I don't know what to say. I think the AI hype just go too far and now people believe random bullshit like in your comment.

Artificial neural networks look nothing like the neurons in our brain. They have very little in common. Artificial neural networks contain layers of neurons where each neuron is connected to all neurons of the previous layer with a floating point weight for each neuron - neuron pair and a floating point bias. This in theory allows you to approximate how the neurons in your brain work but even then it is just an approximation and you may need multiple neurons to simulate a single human neuron.
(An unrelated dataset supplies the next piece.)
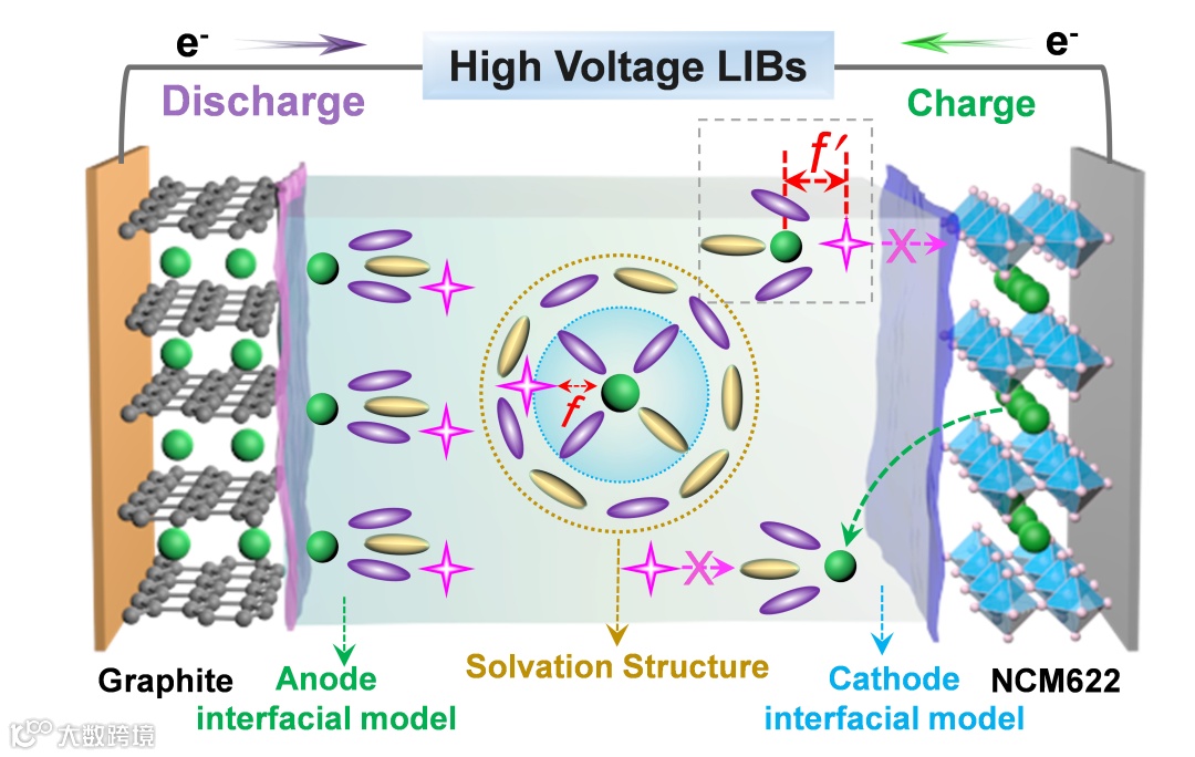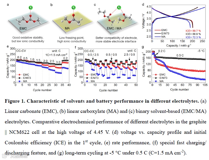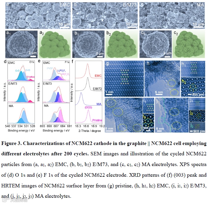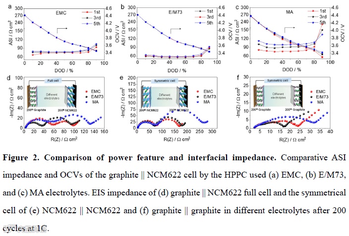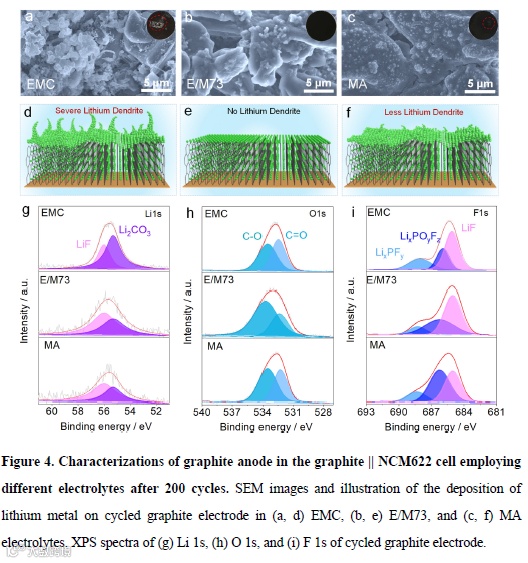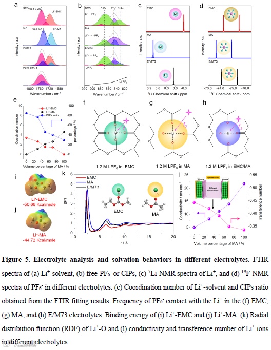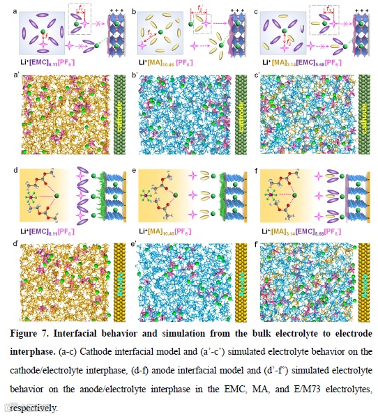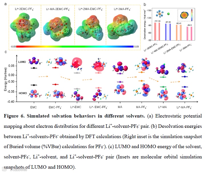 首先,在EMC电解液中,PF6-更容易出现在Li+-EMC周围,使得Li+与EMC-PF6-之间存在强大的相互作用力,会削弱PF6-与充电正极之间的库伦相互作用力(图7a),因此,EMC-PF6-很难靠近正极表面,从而难以发生氧化反应。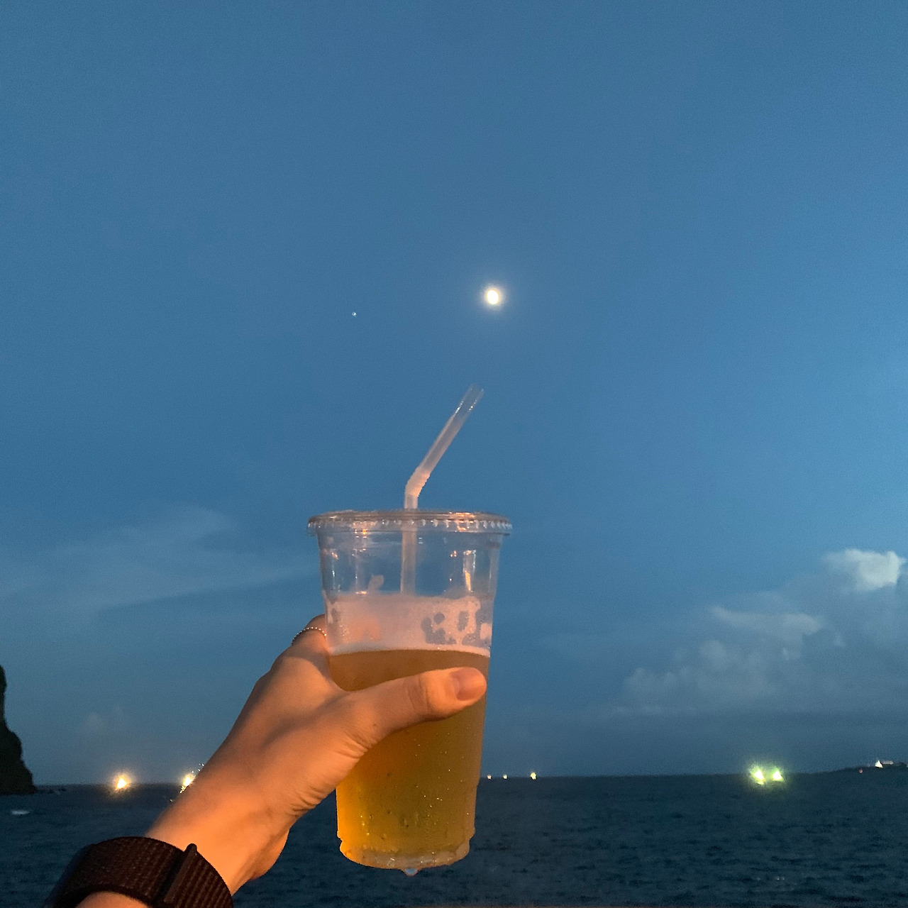 홀로 넓은 방을 쓴다는 사실에 기뻤지만 거울에 비친 모습을 보니 착잡했다. 이게 정녕 사람 얼굴이 맞는가... 급한대로 챙겨온 팩을 꺼내 화끈거리는 얼굴에 붙였다. 볼수록 암담한 이마와 팔을 보니 헛웃음만 나왔고 새로운 피부색을 받아들이기엔 시간이 꽤 필요했다. 도저히 맨정신으로 넘어가기엔 역부족이었다. 얼음 컵에 쫄쫄쫄 맥주를 따라 바닷가가 한눈에 보이는 자리에 걸터 앉았다. 크게 한모금 들이키니 조금 위안이 되는 거 같기도 하고.

The next step up is spiking neural networks, which are actually biologically inspired and basically nobody cares about them because back propagation is hard. Why? Because spiking neural networks are not continuous functions. Instead, neurons send spikes and encode information in the timing of their spikes. Neurons only send their own spikes once they cross a certain threshold. So now you have non linear behavior. Again, you can simulate them using ANNs but the primary difference is that spiking neural networks are naturally sparse which is in complete opposition to your statement of "I mean our brains have neurons that connect to form natural matrices". It couldn't be further from the truth. You are now working backwards from the mathematical model of ANNs and are now telling people based on this information how the brain works, despite massive amounts of counter evidence. Do you understand how ridiculous that is? That is only something economists do, because there is money to be made from lying, not biologists or any other science.

Christ almighty, will you calm down, dude? I appreciate the cool info about types of neural nets but god damn, it was just a simple shower thought...
> So maybe this is what is required to invent everything else.

A really interesting point. I've always held that we are nowhere close to real AI because we fundamentally don't understand what intelligence is, and we are not building complex enough devices for intelligence to be an emergent property. However, that doesn't consider the possibility that with enough computing power and sufficiently sophisticated models, we could end up with intelligence accidentally bootstrapping itself out of other large models, even if all we are doing is creating linkages between models via API calls and other similarly "dumb" steps.

>even if all we are doing is creating linkages between models via API calls and other similarly "dumb" steps.

I mean isn't this what Neuroscience has discovered about the human brain? Millions of year old fish, lizard, and mammals brains... And the neocortex, which is new.

And destroying one part basically damages the whole person.